## Given data
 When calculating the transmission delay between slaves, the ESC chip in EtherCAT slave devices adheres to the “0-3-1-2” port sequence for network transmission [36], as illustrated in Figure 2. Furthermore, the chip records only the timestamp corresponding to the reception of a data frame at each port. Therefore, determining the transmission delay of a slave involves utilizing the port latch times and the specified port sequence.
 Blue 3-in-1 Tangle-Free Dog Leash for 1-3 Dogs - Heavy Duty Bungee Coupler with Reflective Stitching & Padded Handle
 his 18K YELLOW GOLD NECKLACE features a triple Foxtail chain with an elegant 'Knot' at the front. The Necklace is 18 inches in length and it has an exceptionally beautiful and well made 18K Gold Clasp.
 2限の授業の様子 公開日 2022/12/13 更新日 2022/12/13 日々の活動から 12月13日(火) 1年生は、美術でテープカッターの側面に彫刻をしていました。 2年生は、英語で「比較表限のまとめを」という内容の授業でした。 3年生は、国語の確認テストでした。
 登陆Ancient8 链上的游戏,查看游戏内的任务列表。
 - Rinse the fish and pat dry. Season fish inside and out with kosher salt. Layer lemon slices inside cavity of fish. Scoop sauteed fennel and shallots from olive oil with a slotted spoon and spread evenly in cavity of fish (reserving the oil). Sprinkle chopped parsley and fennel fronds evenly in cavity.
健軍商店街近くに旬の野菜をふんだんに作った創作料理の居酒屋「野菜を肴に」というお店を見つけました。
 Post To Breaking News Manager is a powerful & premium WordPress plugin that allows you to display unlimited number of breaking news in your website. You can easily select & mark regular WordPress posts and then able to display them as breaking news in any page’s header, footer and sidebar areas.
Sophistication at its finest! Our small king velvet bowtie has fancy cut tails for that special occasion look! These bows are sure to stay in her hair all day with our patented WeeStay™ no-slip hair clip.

* * *

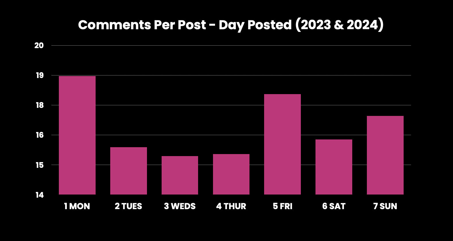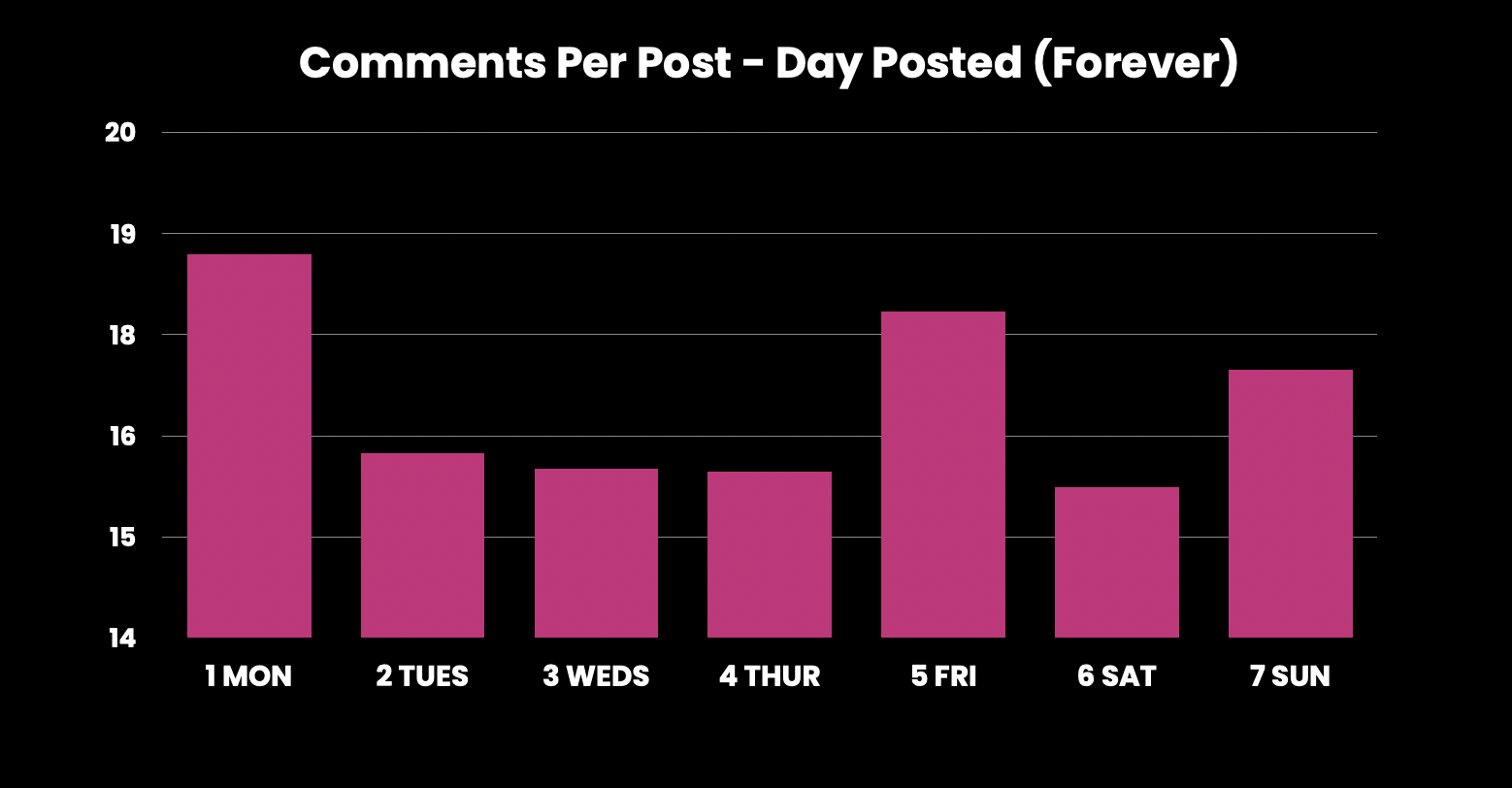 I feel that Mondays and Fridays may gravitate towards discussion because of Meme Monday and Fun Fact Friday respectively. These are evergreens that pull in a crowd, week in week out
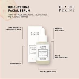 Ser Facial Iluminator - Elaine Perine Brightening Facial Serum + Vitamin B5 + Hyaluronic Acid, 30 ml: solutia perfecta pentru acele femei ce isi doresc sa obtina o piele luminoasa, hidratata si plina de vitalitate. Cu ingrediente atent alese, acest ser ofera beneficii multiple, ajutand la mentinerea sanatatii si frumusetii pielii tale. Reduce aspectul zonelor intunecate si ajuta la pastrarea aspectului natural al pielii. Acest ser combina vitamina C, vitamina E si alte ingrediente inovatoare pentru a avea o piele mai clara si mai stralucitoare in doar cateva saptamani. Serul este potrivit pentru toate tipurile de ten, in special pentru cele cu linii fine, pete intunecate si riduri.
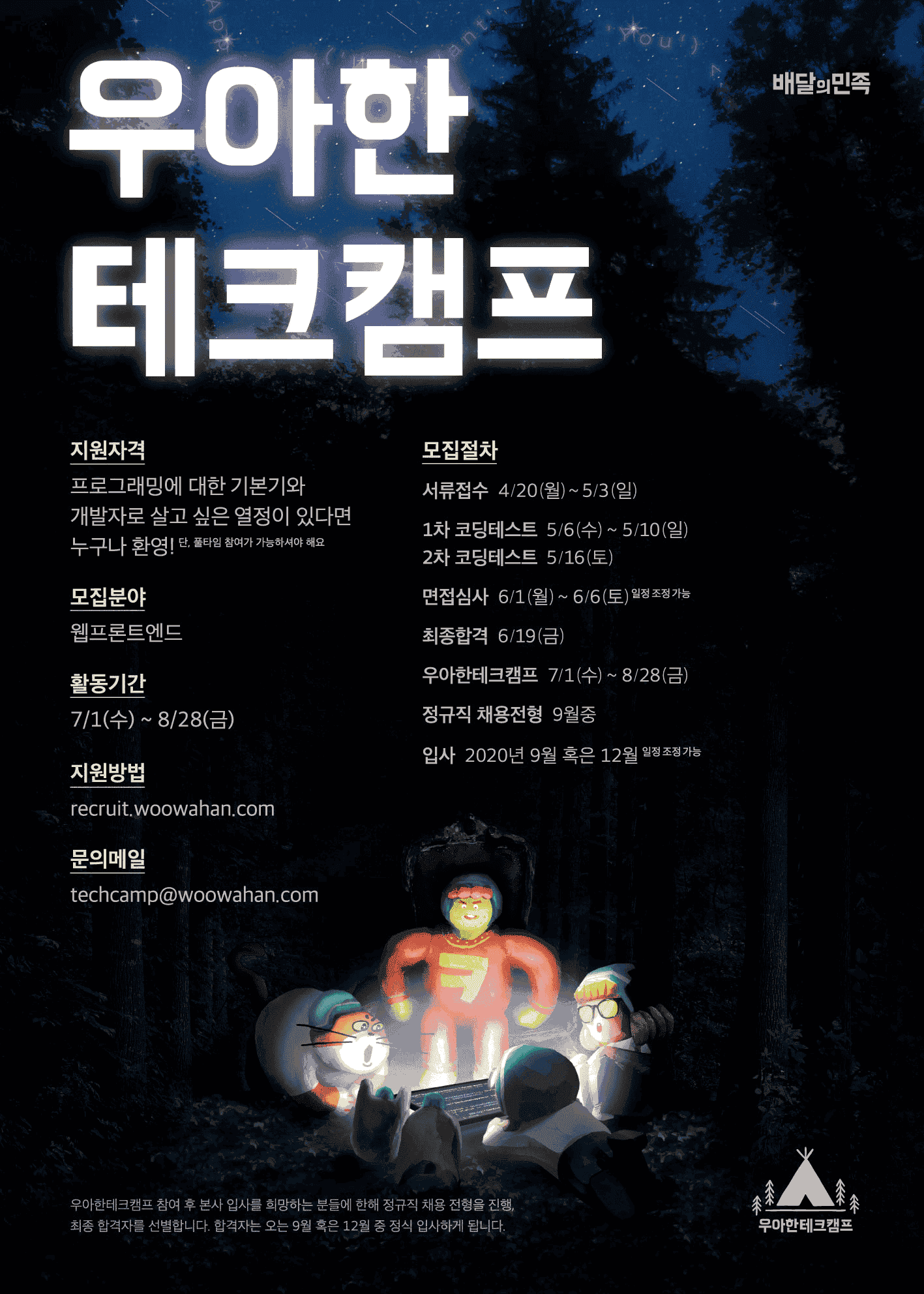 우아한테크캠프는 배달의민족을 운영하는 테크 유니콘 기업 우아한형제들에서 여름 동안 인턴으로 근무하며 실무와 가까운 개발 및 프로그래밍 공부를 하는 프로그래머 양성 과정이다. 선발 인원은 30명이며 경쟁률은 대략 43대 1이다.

## Task objective
Of the entries above, repeat exactly the lines between the line with "登陆Ancient8 链上的游戏,查看游戏内的任务列表。" and the line with "Sophistication at its", inclusive, and no others.

## Exercise result
 登陆Ancient8 链上的游戏,查看游戏内的任务列表。
 - Rinse the fish and pat dry. Season fish inside and out with kosher salt. Layer lemon slices inside cavity of fish. Scoop sauteed fennel and shallots from olive oil with a slotted spoon and spread evenly in cavity of fish (reserving the oil). Sprinkle chopped parsley and fennel fronds evenly in cavity.
健軍商店街近くに旬の野菜をふんだんに作った創作料理の居酒屋「野菜を肴に」というお店を見つけました。
 Post To Breaking News Manager is a powerful & premium WordPress plugin that allows you to display unlimited number of breaking news in your website. You can easily select & mark regular WordPress posts and then able to display them as breaking news in any page’s header, footer and sidebar areas.
Sophistication at its finest! Our small king velvet bowtie has fancy cut tails for that special occasion look! These bows are sure to stay in her hair all day with our patented WeeStay™ no-slip hair clip.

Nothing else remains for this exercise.